From Avega-Ruanda-Wiki
Jump to: navigation, search

Ich begleite die Sozialarbeiterin Rose und die Krankenschwester Jeannette zu Hausbesuchen in Jali, einer ländlichen Gemeinde in der Nähe von Kigali. Rose und Jeannette arbeiten für das Care and Treatment Project für HIV-infizierte Witwen, finanziert vom britischen Department for International Development. Drei Sozialarbeiterinnen, drei Krankenschwestern, zwei Laborantinnen und ein Arzt sind zuständig für 634 Personen, darunter 36 Männer, die regelmäßig untersucht werden und Medikamente und Beratung erhalten. Wenn Projektteilnehmerinnen nicht zu den vereinbarten Terminen in der Beratungsstelle erscheinen oder wenn sie Finanzierungsanträge stellen, z.B. zur Reparatur ihrer Häuser, statten die Projektmitarbeiterinnen Hausbesuche ab.

Wir fahren hoch in die Berge, über steile Serpentinen. Auf den Höhen sind Eukalyptuswälder gepflanzt, es duftet frisch. Die breiten Fahrwege verengen sich mehr und sind am Ende nur noch schmale Pfade. Viele Menschen sind unterwegs mit Lasten auf dem Kopf, Körben, Kanistern, Zweigen. Frauen haben Babys umgebunden, einige halten sich schattenspendende Schirme über den Kopf. Die Landschaft ist wunderschön, alles wirkt friedlich. Wir fahren soweit der Jeep kommt, der Rest der Strecke wird über schmale Trampelpfade zu Fuß zurückgelegt.
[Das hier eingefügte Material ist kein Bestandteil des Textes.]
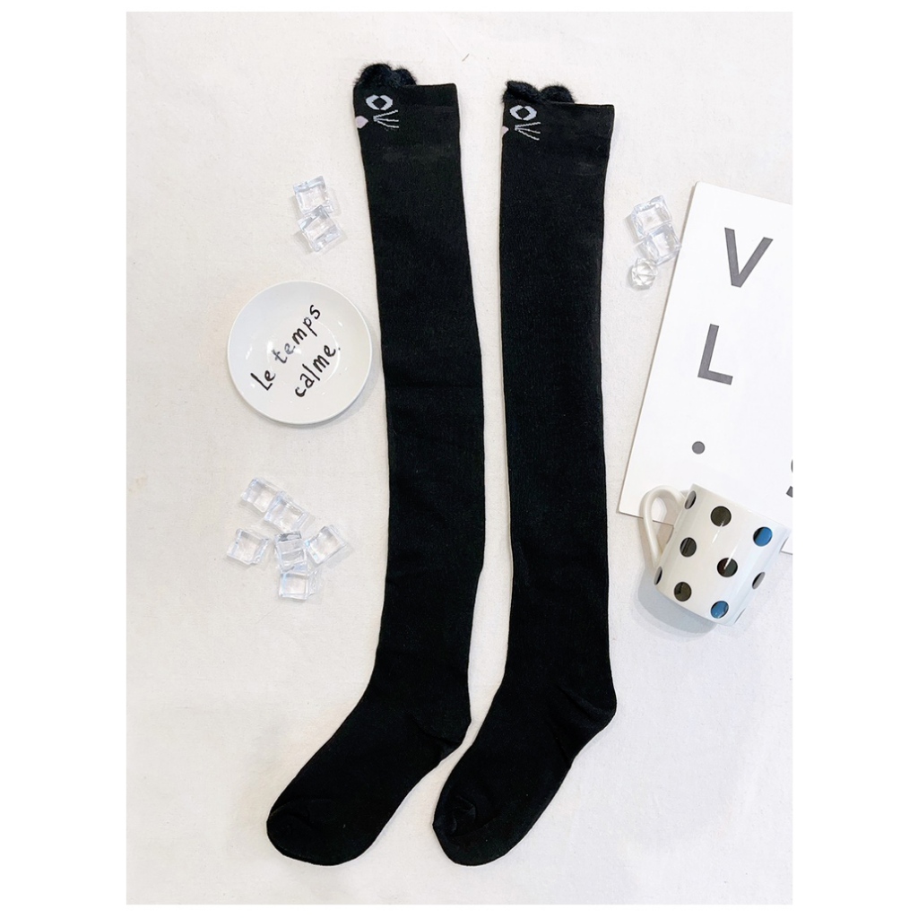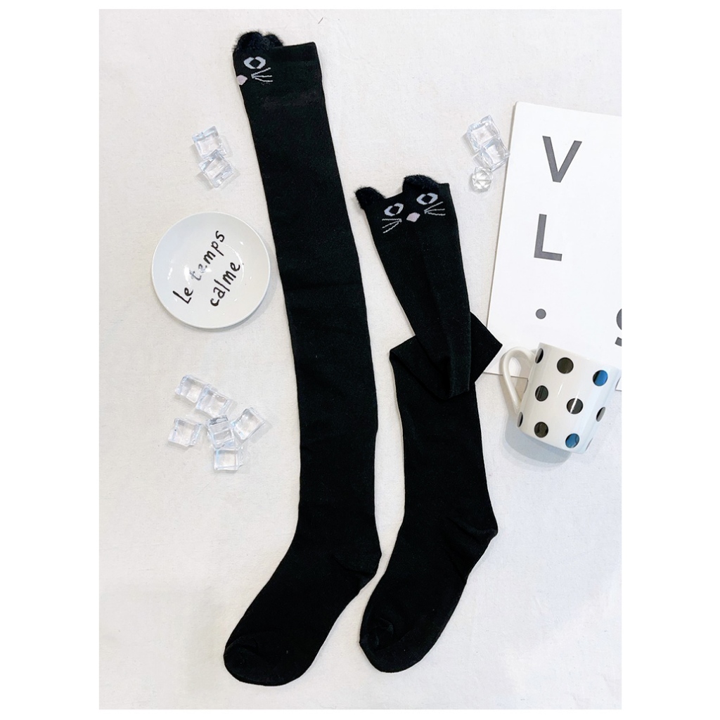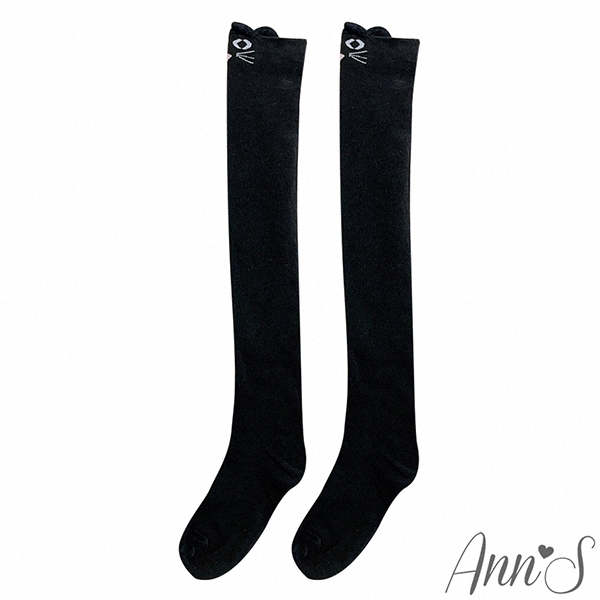 Ann’S 可愛貓咪系女孩黑色過膝長襪 -1色黑SocksAnn’S 女鞋官方旗艦店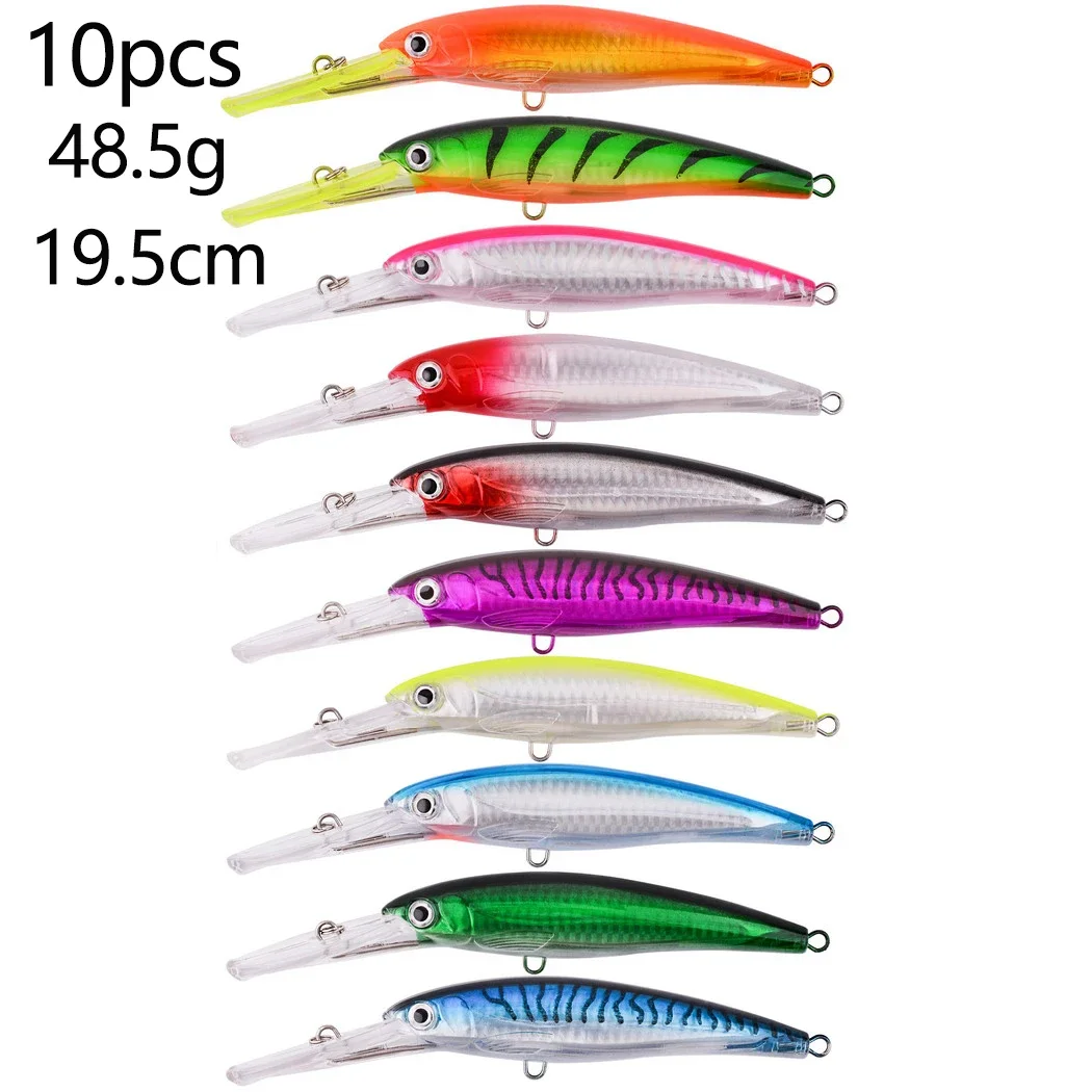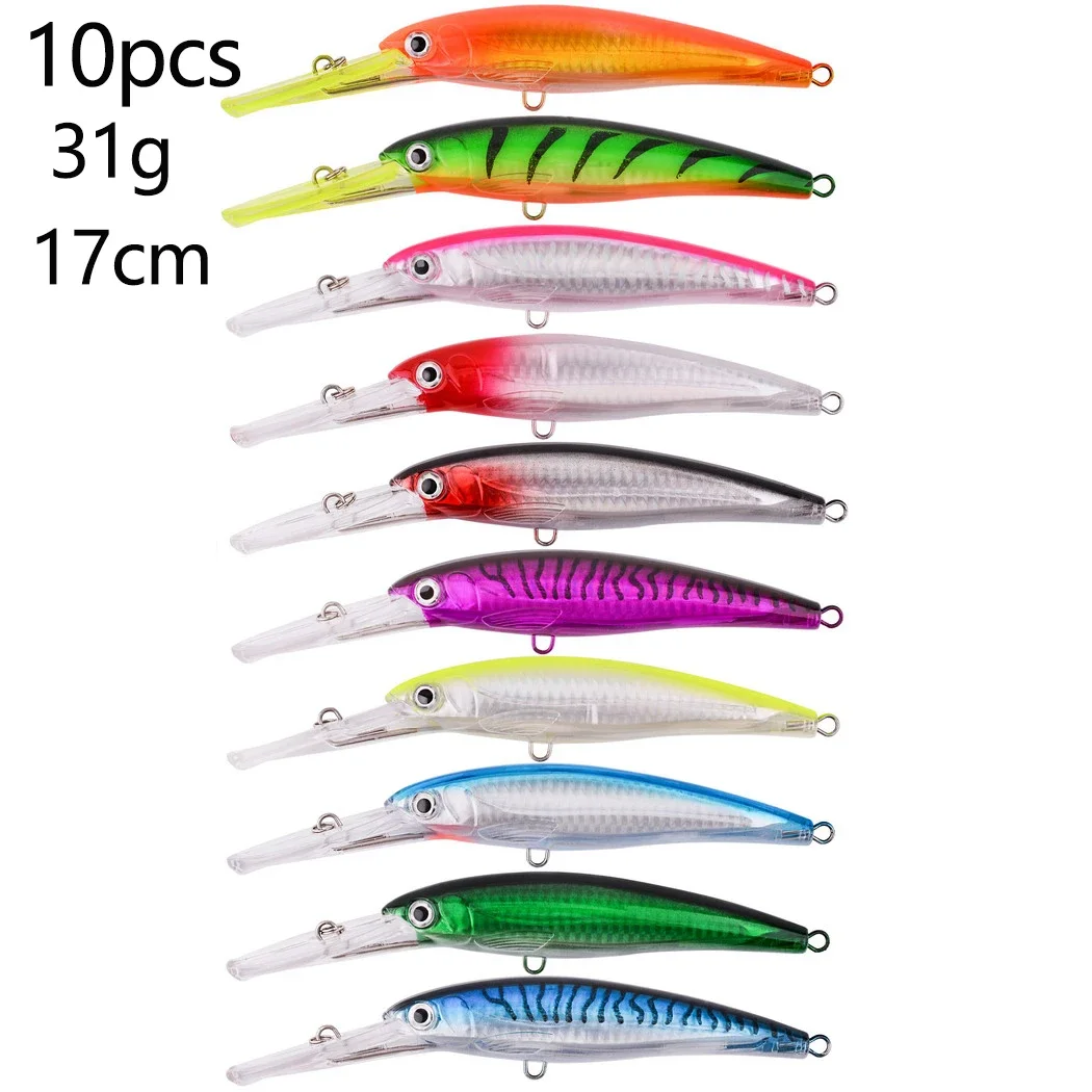 10 Uds señuelo de pesca flotante 32g 50g 75g cebo de pececillo de fundición larga agua salada lubina cebo duro Minnow para aparejos de pesca de lubina

Als erste besuchen wir Chlothilde. Sie wohnt in einem Lehmhaus, davor liegen Bohnen zum Trocken in der Sonne, fünf kleine Ziegen sind vor dem Haus angebunden und kauen an Bohnenstroh. Chlothilde ist schon alt, 11 ihrer 12 Kinder wurden beim Genozid ermordet, sie lebt heute zusammen mit der Jüngsten. Auch sie wurde durch eine Vergewaltigung mit HIV infiziert. Gesundheitlich geht es ihr nicht gut, sie war im Krankenhaus, deshalb konnte sie nicht zu ihrem Termin bei AVEGA kommen. Die Mitarbeiterinnen inspizieren Haus und Garten. Chlothilde hat Mittel beantragt, um ihre Lehmhaus zu reparieren, das auseinander bröckelt. „Wir können nicht alle Anträge bewilligen. Nur die vulnerabelsten Frauen erhalten Unterstützung,“ sagt Rose.

Chlothilde hat eine Kuh, die aus Deutschland gespendet wurde (vielleicht habt ihr schon von dem Kuhprojekt meiner Kollegin Esther gehört „Eine Kuh für jede Witwe“. Nähere Informationen und die Nummer des Spendenkontos finden sich auf der Internetseite www.psz-duesseldorf.de ). Chlothildes Kuh steht in einem kleinen Verschlag hinter dem Haus. „Die Kuh hilft Chlothilde sehr. Den Dung benutzt sie für ihre Felder.“ erzählt Rose, „Hast du gesehen, dass die Kuh trächtig ist? Das erste Kalb müssen die Frauen an eine andere Witwe weiter geben, das nächste dürfen sie behalten.“ Bei Chlothilde treffen wir auch Emerita. Sie engagiert sich als ehrenamtliche psychosoziale Betreuerin (animatrice psychosocial) bei AVEGA. Sie lächelt und wirkt voller Energie. Vielleicht wirkt sie weniger belastet als die anderen, weil sie zwar ihren Mann, nicht aber ihre Kinder verloren hat. Die sind heute erwachsen. Sie hat zwei HIV-infizierte Kinder einer anderen bei sich Witwe aufgenommen, nachdem diese an AIDS gestorben ist. Emerita selbst ist nicht HIV-infiziert. Sie begleitet uns zu den Häusern der anderen Witwen.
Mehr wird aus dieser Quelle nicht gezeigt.